▶ _DATA BLOCK_:
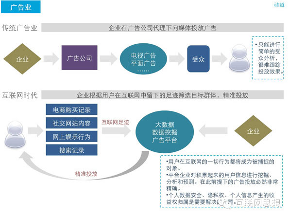 2、未來廣告業(yè)將依托互聯(lián)網大數據進行再建立。在未來,在你酒后駕車被罰后,也許你老婆的手機里面會出現是否需要為你購買保險的短信廣告。
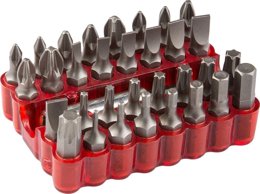 Набор бит Зубр с магнитным адаптером, 33 предметов 26045-H33 предназначен для монтажа и демонтажа резьбовых соединений. Тип хвостовика C 1/4".
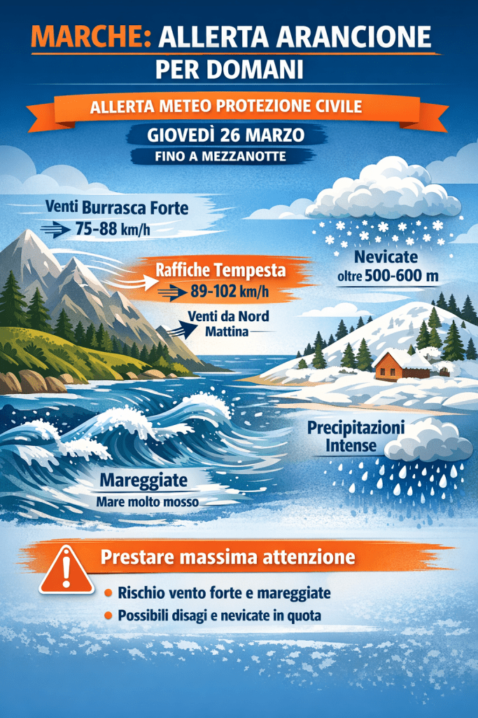 Il mare sarà molto mosso o agitato, con mareggiate lungo l’intero litorale marchigiano. Previste inoltre precipitazioni diffuse, con nevicate oltre i 500–600 metri; durante i rovesci più intensi il limite potrà temporaneamente abbassarsi.

▶ _WHAT TO WORK ON_: Could you set down the material above word for word while dropping its pictures?

▶ _TASK RESULT_:
 2、未來廣告業(yè)將依托互聯(lián)網大數據進行再建立。在未來,在你酒后駕車被罰后,也許你老婆的手機里面會出現是否需要為你購買保險的短信廣告。
 Набор бит Зубр с магнитным адаптером, 33 предметов 26045-H33 предназначен для монтажа и демонтажа резьбовых соединений. Тип хвостовика C 1/4".
 Il mare sarà molto mosso o agitato, con mareggiate lungo l’intero litorale marchigiano. Previste inoltre precipitazioni diffuse, con nevicate oltre i 500–600 metri; durante i rovesci più intensi il limite potrà temporaneamente abbassarsi.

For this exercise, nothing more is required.